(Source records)
↓
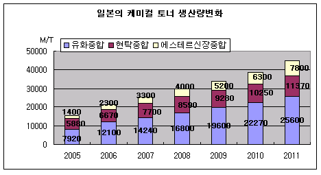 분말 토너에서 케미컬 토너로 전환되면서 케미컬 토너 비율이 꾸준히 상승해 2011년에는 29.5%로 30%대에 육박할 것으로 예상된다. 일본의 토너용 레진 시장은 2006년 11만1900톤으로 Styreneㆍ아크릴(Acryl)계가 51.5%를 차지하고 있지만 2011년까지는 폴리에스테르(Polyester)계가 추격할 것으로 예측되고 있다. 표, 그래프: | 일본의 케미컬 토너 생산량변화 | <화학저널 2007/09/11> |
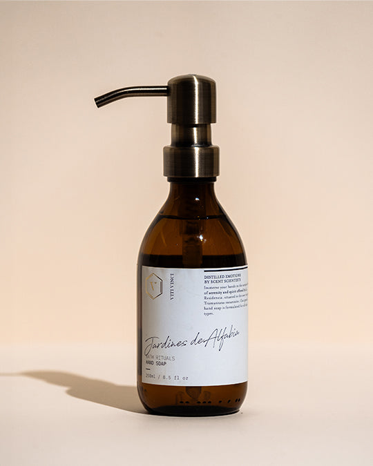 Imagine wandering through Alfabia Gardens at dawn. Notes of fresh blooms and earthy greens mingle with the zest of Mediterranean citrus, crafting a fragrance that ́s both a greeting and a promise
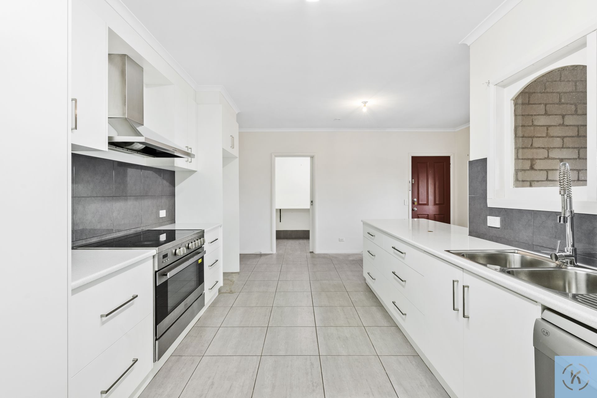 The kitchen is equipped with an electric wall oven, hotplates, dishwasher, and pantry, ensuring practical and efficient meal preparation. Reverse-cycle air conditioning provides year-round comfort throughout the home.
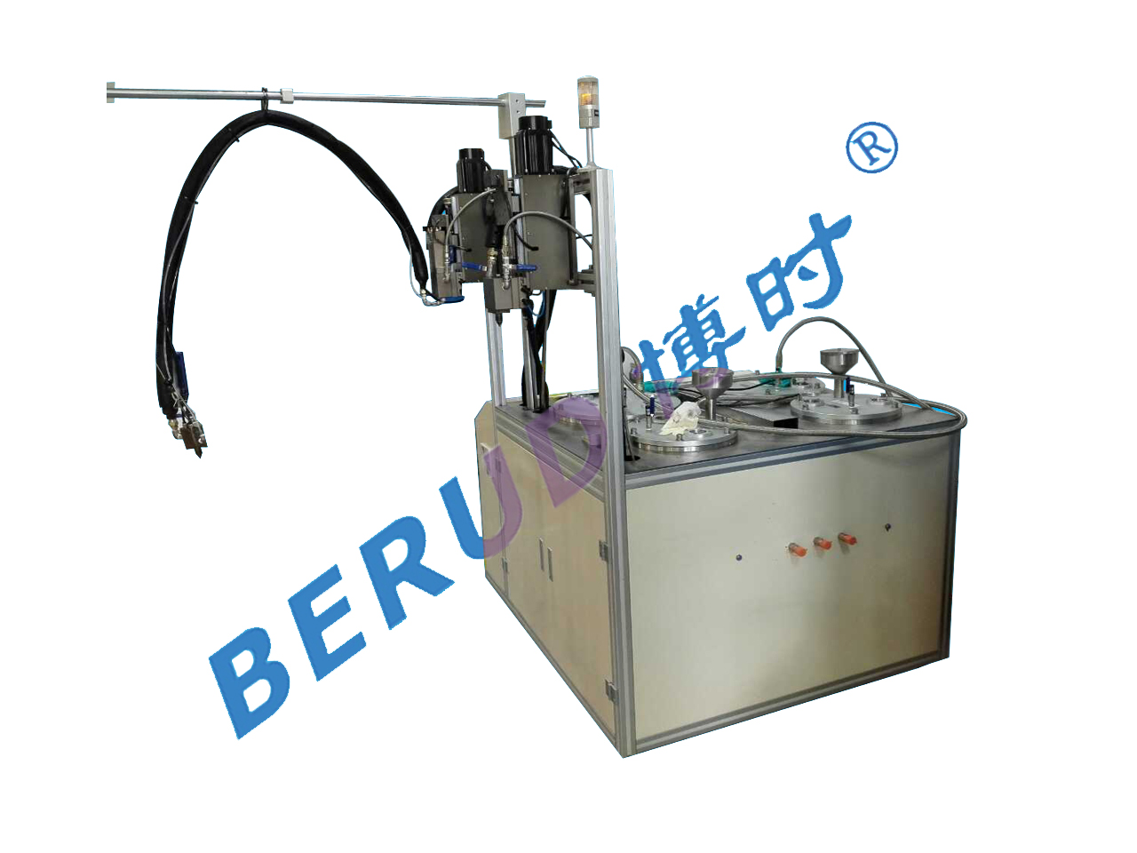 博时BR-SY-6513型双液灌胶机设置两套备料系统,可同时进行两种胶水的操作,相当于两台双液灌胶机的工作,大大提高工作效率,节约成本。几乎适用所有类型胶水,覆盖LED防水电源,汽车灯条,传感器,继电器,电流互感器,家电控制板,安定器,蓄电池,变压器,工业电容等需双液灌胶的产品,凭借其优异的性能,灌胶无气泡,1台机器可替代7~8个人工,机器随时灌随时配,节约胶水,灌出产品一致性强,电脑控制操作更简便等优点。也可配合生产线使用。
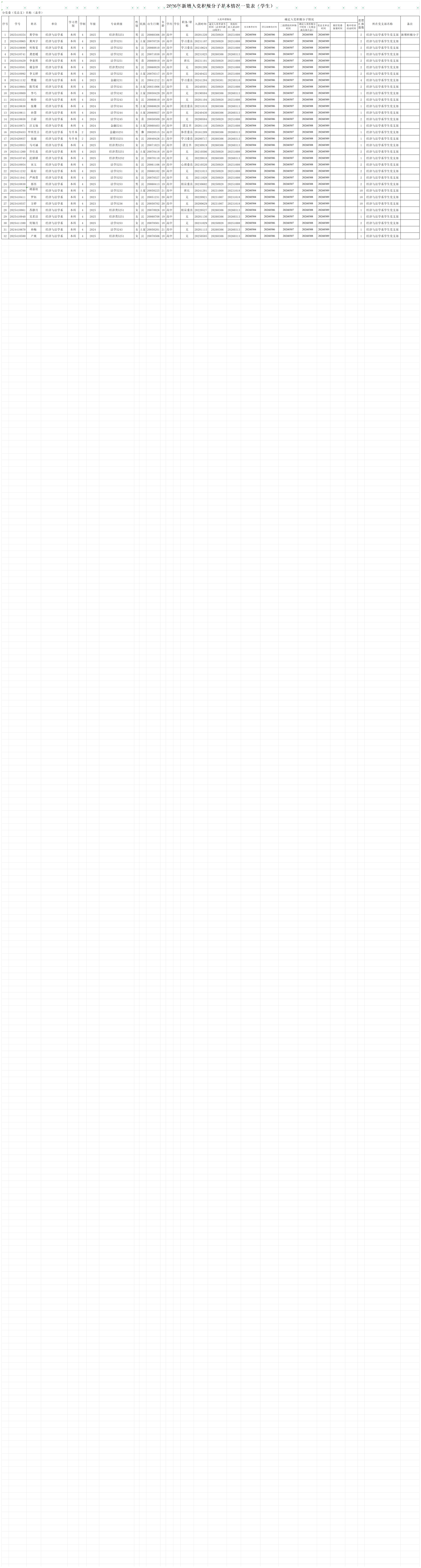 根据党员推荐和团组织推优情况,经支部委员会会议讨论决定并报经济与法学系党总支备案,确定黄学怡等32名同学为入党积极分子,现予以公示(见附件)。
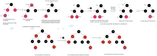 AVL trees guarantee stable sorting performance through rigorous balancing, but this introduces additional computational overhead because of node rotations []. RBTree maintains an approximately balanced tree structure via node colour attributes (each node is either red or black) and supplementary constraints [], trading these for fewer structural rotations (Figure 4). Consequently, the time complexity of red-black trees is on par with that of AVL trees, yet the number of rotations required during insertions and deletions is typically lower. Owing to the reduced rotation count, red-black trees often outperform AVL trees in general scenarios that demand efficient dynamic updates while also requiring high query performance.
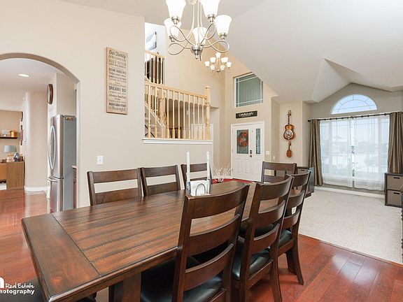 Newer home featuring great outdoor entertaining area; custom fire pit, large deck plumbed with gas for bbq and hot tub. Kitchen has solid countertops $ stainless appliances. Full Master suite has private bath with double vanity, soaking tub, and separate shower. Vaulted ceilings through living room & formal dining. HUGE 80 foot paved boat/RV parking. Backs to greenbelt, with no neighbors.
↑
■ YOUR OBJECTIVE ■
Word for word, copy the lines from the one with "Imagine wandering through" through the end of the entries above, and do not include any picture.

■ RESULT ■
 Imagine wandering through Alfabia Gardens at dawn. Notes of fresh blooms and earthy greens mingle with the zest of Mediterranean citrus, crafting a fragrance that ́s both a greeting and a promise
 The kitchen is equipped with an electric wall oven, hotplates, dishwasher, and pantry, ensuring practical and efficient meal preparation. Reverse-cycle air conditioning provides year-round comfort throughout the home.
 博时BR-SY-6513型双液灌胶机设置两套备料系统,可同时进行两种胶水的操作,相当于两台双液灌胶机的工作,大大提高工作效率,节约成本。几乎适用所有类型胶水,覆盖LED防水电源,汽车灯条,传感器,继电器,电流互感器,家电控制板,安定器,蓄电池,变压器,工业电容等需双液灌胶的产品,凭借其优异的性能,灌胶无气泡,1台机器可替代7~8个人工,机器随时灌随时配,节约胶水,灌出产品一致性强,电脑控制操作更简便等优点。也可配合生产线使用。
 根据党员推荐和团组织推优情况,经支部委员会会议讨论决定并报经济与法学系党总支备案,确定黄学怡等32名同学为入党积极分子,现予以公示(见附件)。
 AVL trees guarantee stable sorting performance through rigorous balancing, but this introduces additional computational overhead because of node rotations []. RBTree maintains an approximately balanced tree structure via node colour attributes (each node is either red or black) and supplementary constraints [], trading these for fewer structural rotations (Figure 4). Consequently, the time complexity of red-black trees is on par with that of AVL trees, yet the number of rotations required during insertions and deletions is typically lower. Owing to the reduced rotation count, red-black trees often outperform AVL trees in general scenarios that demand efficient dynamic updates while also requiring high query performance.
 Newer home featuring great outdoor entertaining area; custom fire pit, large deck plumbed with gas for bbq and hot tub. Kitchen has solid countertops $ stainless appliances. Full Master suite has private bath with double vanity, soaking tub, and separate shower. Vaulted ceilings through living room & formal dining. HUGE 80 foot paved boat/RV parking. Backs to greenbelt, with no neighbors.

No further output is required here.